巧妙使用RDD持久化,甚至在某些场景下,可以将spark应用程序的性能提升10倍。对于迭代式算法和快速交互式应用来说,RDD持久化,是非常重要的。
要持久化一个RDD,只要调用其cache()或者persist()方法即可。在该RDD第一次被计算出来时,就会直接缓存在每个节点中。而且Spark的持久化机制还是自动容错的,如果持久化的RDD的任何parition丢失了,那么Spark会自动通过其源RDD,使用transformation操作重新计算该partition。
不使用持久化
使用持久化
基于Spark 1.6.1 的源码,可以看到
/** Persist this RDD with the default storage level (`MEMORY_ONLY`). */
def cache(): this.type = persist()
说明是cache()调用了persist(), 想要知道二者的不同还需要看一下persist函数:
/** Persist this RDD with the default storage level (`MEMORY_ONLY`). */
def persist(): this.type = persist(StorageLevel.MEMORY_ONLY)

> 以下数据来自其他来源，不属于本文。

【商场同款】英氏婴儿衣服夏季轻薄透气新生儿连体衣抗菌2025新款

可以看到persist()内部调用了persist(StorageLevel.MEMORY_ONLY),继续深入:
/** * Set this RDD's storage level to persist its values across operations after the first time * it is computed. This can only be used to assign a new storage level if the RDD does not * have a storage level set yet.. */ def persist(newLevel: StorageLevel): this.type = { // TODO: Handle changes of StorageLevel if (storageLevel != StorageLevel.NONE && newLevel != storageLevel) { throw new UnsupportedOperationException( "Cannot change storage level of an RDD after it was already assigned a level") } sc.persistRDD(this) // Register the RDD with the ContextCleaner for automatic GC-based cleanup sc.cleaner.foreach(_.registerRDDForCleanup(this)) storageLevel = newLevel this }
可以看出来persist有一个 StorageLevel 类型的参数,这个表示的是RDD的缓存级别。

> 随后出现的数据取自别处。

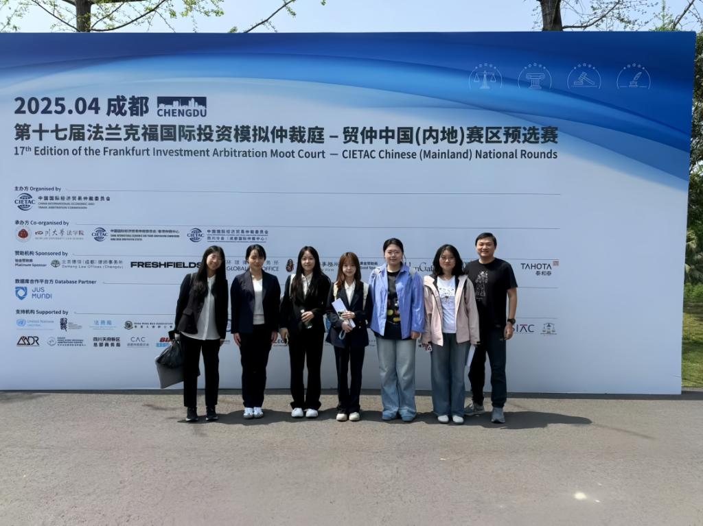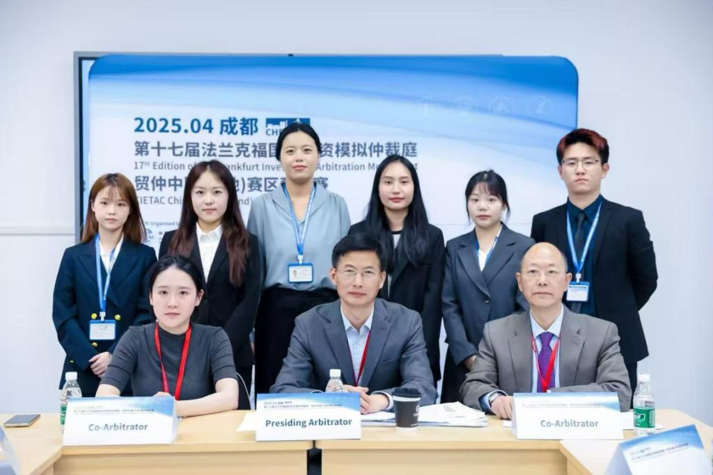 2025年4月6日至11日,由中国国际经济贸易仲裁委员会(以下简称“贸仲”)主办、贸仲香港仲裁中心承办的第十七届法兰克福国际投资模拟仲裁庭贸仲中国(内地)赛区预选赛在四川大学江安校区如期举行,9428cn太阳集团古天乐代表队参加了此次比赛。代表队由公司沈健副教授任指导老师,由2024级硕士研究生刘静伊、李思滢、徐若思、赖怡存、李嘉阳、王一凡、靳馥宁、郑美茹八人组成队员。

至此便可得出cache和persist的区别了:cache只有一个默认的缓存级别MEMORY_ONLY ,而persist可以根据情况设置其它的缓存级别。
RDD持久化是可以手动选择不同的策略的。比如可以将RDD持久化在内存中、持久化到磁盘上、使用序列化的方式持久化,多持久化的数据进行多路复用。只要在调用persist()时传入对应的StorogeLevel即可。
持久化级别 | 含义 |
---|---|
MEMORY_ONLY | 以非序列化的Java对象的方式持久化在JVM内存中。如果内存无法完全存储RDD所有的partition,那么那些没有持久化的partition就会在下次需要使用它的时候,重新被计算。 |
MEMORY_AND_DISK | 同上,但是当某些partition无法存储在内存中时,会持久化到磁盘中。下次需要使用这些partition时,需要从磁盘上读取。 |
MEMORY_ONLY_SER | 同MEMORY ONLY,但是会使用Java序列化方式,将Java对象序列化后进行持久化。可以减少内存开销,但是需要进行反序列化,因此会加大CPU开销。 |
MEMORY_AND_DSK_SER | 同MEMORY_ AND DSK,但是使用序列化方式持久化Java对象。 |
DISK_ONLY | 使用非序列化Java对象的方式持久化,完全存储到磁盘上。 |
MEMORY_ONLY_2 MEMORY_ AND_DISK_2 | 如果是尾部加了2的持久化级别,表示会将持久化数据复用一份,保存到其他节点。从而在数据丢失时,不需要再次计算,只需要使用备份数据即可。 |
顺便看一下RDD都有哪些缓存级别,查看 StorageLevel 类的源码:
object StorageLevel {
val NONE = new StorageLevel(false, false, false, false)

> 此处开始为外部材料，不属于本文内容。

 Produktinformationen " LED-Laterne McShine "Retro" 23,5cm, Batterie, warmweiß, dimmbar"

val DISK_ONLY = new StorageLevel(true, false, false, false)
val DISK_ONLY_2 = new StorageLevel(true, false, false, false, 2)
val MEMORY_ONLY = new StorageLevel(false, true, false, true)
val MEMORY_ONLY_2 = new StorageLevel(false, true, false, true, 2)
val MEMORY_ONLY_SER = new StorageLevel(false, true, false, false)
val MEMORY_ONLY_SER_2 = new StorageLevel(false, true, false, false, 2)
val MEMORY_AND_DISK = new StorageLevel(true, true, false, true)
val MEMORY_AND_DISK_2 = new StorageLevel(true, true, false, true, 2)
val MEMORY_AND_DISK_SER = new StorageLevel(true, true, false, false)
val MEMORY_AND_DISK_SER_2 = new StorageLevel(true, true, false, false, 2)
val OFF_HEAP = new StorageLevel(false, false, true, false)
......
}
可以看到这里列出了12种缓存级别,但这些有什么区别呢?可以看到每个缓存级别后面都跟了一个StorageLevel的构造函数,里面包含了4个或5个参数,如下
val MEMORY_ONLY = new StorageLevel(false, true, false, true)
查看其构造函数
class StorageLevel private(
private var _useDisk: Boolean,
private var _useMemory: Boolean,
private var _useOffHeap: Boolean,
private var _deserialized: Boolean,
private var _replication: Int = 1)
extends Externalizable {
......
def useDisk: Boolean = _useDisk
def useMemory: Boolean = _useMemory
def useOffHeap: Boolean = _useOffHeap
def deserialized: Boolean = _deserialized
def replication: Int = _replication
......
}
可以看到StorageLevel类的主构造器包含了5个参数:
理解了这5个参数,StorageLevel 的12种缓存级别就不难理解了。
val MEMORY_AND_DISK_SER_2 = new StorageLevel(true, true, false, false, 2) 就表示使用这种缓存级别的RDD将存储在硬盘以及内存中,使用序列化(在硬盘中),并且在多个节点上备份2份(正常的RDD只有一份)
另外还注意到有一种特殊的缓存级别
val OFF_HEAP = new StorageLevel(false, false, true, false)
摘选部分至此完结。